And it’s all one person’s fault.
And then more people had to jump on the bandwagon and do some more
noodging! So if you need to
blame anyone, blame her or blame them, but don’t blame me.
Especially since I can’t write, ahem, the other two very well.
But I’ll try. Simply
to get her off my back. So,
once again, gentle readers, gather ‘round and listen while I tell the tale
of The Princess and the Dragonslayer. Very
heavy sigh. *** “Goodnight
Princess,” the townspeople called as they hurried away. Oh,
this was simply terrible! They
just didn’t Get It, did they? No,
as a matter of fact, she herself was going to get it! If the dragon didn’t come tonight, it would be here Tomorrow
night, or the night after that, or the night after that.

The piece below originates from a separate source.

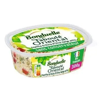 Sémez de blé dur réhydraté (62%), poivrons (11%), tomates (6%), huile de colza, oignons, concombres (3%), vinaigre d'esprit, menthe douce (1%), huile d'olive extra vierge (1%), persil, raisins (1%)(raisins, huile de colza), sucre, sel, arômes naturels, épices (0,2%), plantes aromatiques. Peut contenir des traces de : lait, œuf, céleri, moutarde, poisson, crustacés, fruits à coque, soja.

As soon as the dragon was hungry, it would be all over for her.
A
Fine Day this had turned out to be!
She tried to get as comfortable as possible, which wasn’t very,
considering she was tied to a stake. Moments
later, she heard a whistle. Craning
her neck, she looked down the path the villagers had taken, and she saw a
(go on, guess, I dare you! You
can see this coming, can’t you?) wandering minstrel (did I surprise you?)
with a Cow
on a lead and a Bluebird on his shoulder. At
least, she thought it was a bluebird, it was nearly dark, it could have been
a Blackbird for all she knew. “Hey
Hey beautiful lady!” he called.
(Yes, we’re back to having beautiful princesses, the homely one was
only for the last story. Not
that I particularly think the wandering minstrel in the last story is
homely, I always thought he was kinda cute myself, but for the sake of the
story, I needed to have him sort of ‘match’ the princess in
looks…..but I digress…..) The
minstrel continued to walk closer, and his voice was soothing to her ears.
“Hi
Hi Hi there, miss! Have
You Got Problems?” he asked. He
seemed to have a problem himself, what with his habit of repeating himself,
but she wasn’t going to look a gift horse in the mouth. Or even a gift cow. “Oh,
Sir Minstrel, you are truly my Best
Friend for arriving now! Please,
quickly, you must release me from my bonds so that I may escape the
dragon!” “Dragon?”
the minstrel asked, stopping dead in his tracks. “What dragon? Sorry,
love, I gotta go, Goodbye for now!” He
turned to retreat back the way he had arrived.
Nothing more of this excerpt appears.